Stories

Would You Tear Off the Wings of a Monarch Butterfly for a Million Dollars?

My brother, Ray, was always more athletic than I, which is not something I like to admit because brotherly rivalry may be the last infantile impulse to be tamed. On the rare occasions I beat him playing horse on the Emerson Elementary basketball court, it was because I reverted to my patented trick shots, like my blind, backward bucket launch, a shot my brother would protest with a squawking voice because it was not an orthodox play that anyone would use in a real game.

Ray particularly excelled as a softball pitcher, able to throw a whirlwind fastball that made me jump out of the batter’s box out of raw fear—even when the pitch streaked through the center of the strike zone.

He had an arm with pinpoint accuracy—no question. He proved it in the summer of 1960 on the banks of Newman Lake. Ray was twelve and I thirteen.

It was a warm, still evening. We spoke quietly, feeling wonderfully languid after a full day of swimming, waterskiing, and sunbathing. The sky was cloudless and the water a blue-green plane of glass. We were standing mid-calf in lake water, watching the fingerlings swirl around our ankles like shinning orbiting moons.

It was a chirping robin’s call that interrupted our reverie. Ray looked up and spotted the bird mid-way up a tall sycamore tree.

“Watch this,” Ray said, selecting a smooth, flat stone from under his feet. He drew his arm back and let it fly.

It was a direct hit. The bird tumbled mindless, wingless to the ground. It was dead still.

“What a shot,” I said. “I’m gonna call you the ‘bird killer.’” It was a stupid thing to say, in the way thirteen-year-old boys often say stupid things. The idiocy of my comment fully registered when I looked into my brother’s eyes.

The blood had drained out of Ray’s face. He looked sick as if he would throw up in the next heartbeat. “I didn’t mean it,” he said, his voice full of remorse that rose from the depths of his gut. “I didn’t mean it. I just wanted to scare him; I didn’t wanna kill him.”

“I know, Ray,” I said. I wanted to hug him and tell him that everything was okay. But it didn’t seem right; nothing was okay. It was personal, and my embrace would distract Ray’s need to sort out his own grief and shame.
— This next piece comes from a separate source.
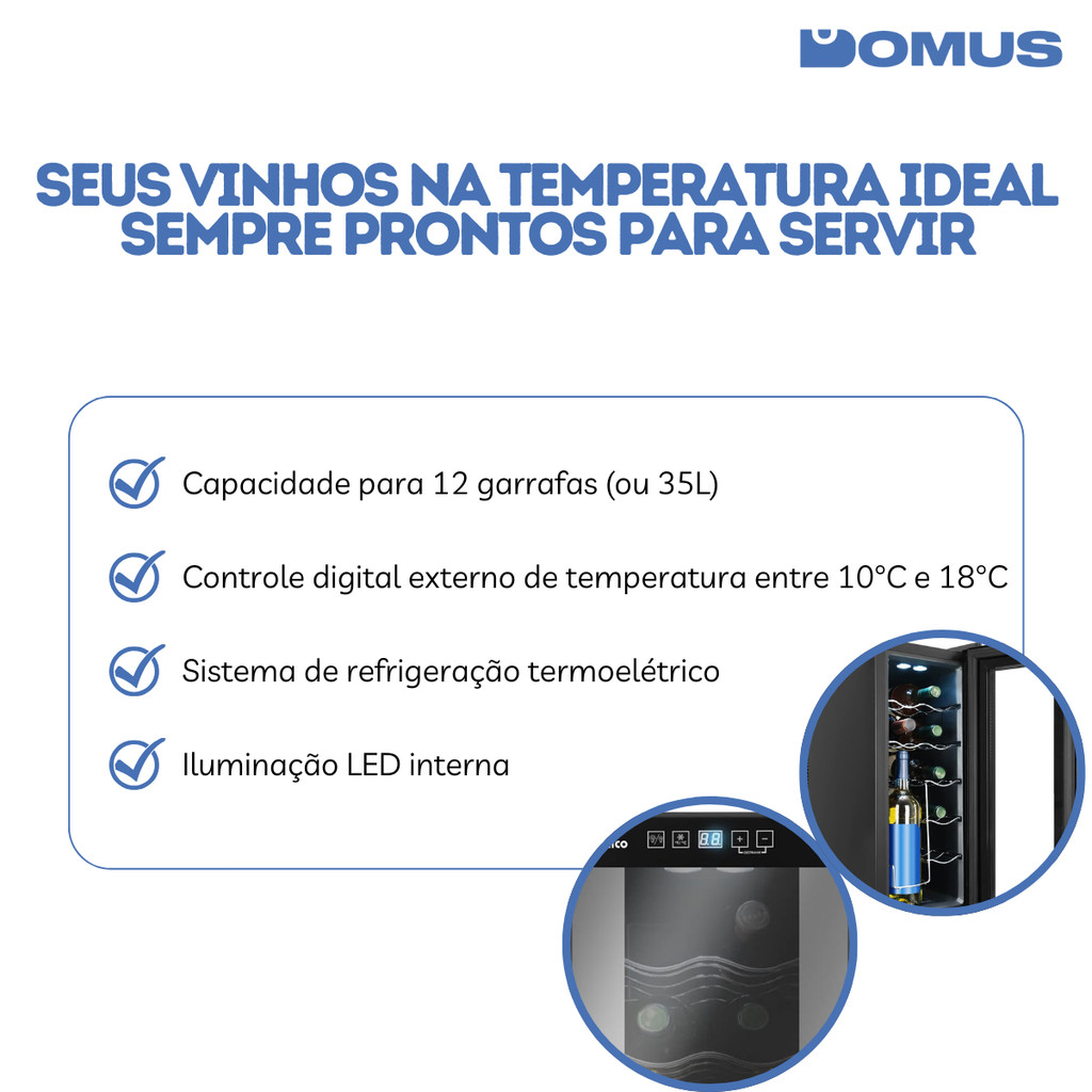 ***PRODUTO A PRONTA ENTREGA COM ENVIO IMEDIATO*** PRODUTO ORIGINAL COM NOTA FISCAL Adega Philco PAD12E 12 Garrafas com Display Digital, LED e Controle Eletrônico – Bivolt Mantenha seus vinhos sempre prontos para servir com a Adega Philco PAD12E, que alia design moderno, silêncio e eficiência. Com capacidade para até 12 garrafas, é perfeita para uso doméstico e pequenos espaços. Seu sistema de refrigeração por placa termoelétrica proporciona baixo ruído e consumo de energia, sendo também ecologicamente correta. Com controle digital externo de temperatura, você ajusta sem abrir a porta, mantendo o interior sempre na temperatura ideal entre 10°C a 18°C. A iluminação em LED facilita a visualização das garrafas, e as prateleiras cromadas, deslizantes e reguláveis garantem praticidade e segurança no manuseio. Com porta de vidro duplo, pés niveladores ajustáveis e visual elegante, ela valoriza qualquer ambiente. Ideal para quem valoriza sabor, praticidade e cuidado com os detalhes. Diferenciais do produto: • Capacidade para 12 garrafas (35L) • Refrigeração termoelétrica silenciosa e econômica • Controle de temperatura de 10°C a 18°C com display digital • Iluminação interna em LED • Prateleiras cromadas e deslizantes • Porta com vidro duplo • Baixo consumo de energia e livre de CFC • Produto bivolt automático Especificações técnicas: Marca: Philco Modelo: PAD12E Capacidade: 35L / 12 garrafas Temperatura ajustável: 10°C a 18°C Potência: 58W Tensão: Bivolt Cor: Preto Dimensões (A x L x P): 62,5 x 25,5 x 48,5 cm Peso: 13,08 kg Garantia: 3 meses Adega Philco PAD12E: silenciosa, eficiente e com o toque ideal de sofisticação. Cuide dos seus vinhos como eles merecem.

Decades later, I came across an article that reviewed a self-report survey that measured morality. One question caught my eye:

Would you tear off the wings of a monarch butterfly for a million dollars?

I once put the question to attendees at a seminar I was leading on ethics. The class was divided. Most said “no,” but several said “yes.” A catholic nun argued a lot of good could be done with a million dollars. A burly man, who looked like he drove a pickup with a gun rack and a bumper sticker that read Duck hunters need love too, said, “Hell, for a million dollars, I’d eat it.”

When rethinking the question, I asked my wife what she would do. Her face scrunched. “Why would you even ask such a question? Of course not.”

“Not ever?”

“Never.”

I have not put the question to my brother. I don’t need to; he would be equally horrified.

Call it his unique nature or, if you prefer, divine design. Whatever the source, my brother has a tender heart. He helps those in need; he champions people on the fringe; he lowers and drives his shoulder into building community.

Those two incidents—the felling of a robin and a profound survey question—have both haunted and inspired me for years. They both represent a pivotal moment for any conscientious human being, a time to be reflective, to ask, “What are the important things in life.”

For me, I am disgusted by all braggarts who glory in causing harm: the grinning hunters alongside their kills, yes, but also the greedy, the heartless, the rabid nationalists whose perverted definition of empathy is “behavior that makes my life easier, more luxurious, more grandiose, more privileged.”

In contrast, I will always exalt a person who celebrates the dignity of all living things, of those who know the danger of throwing a smooth stone and grieve—as my brother grieved—when the stone hits it’s mark.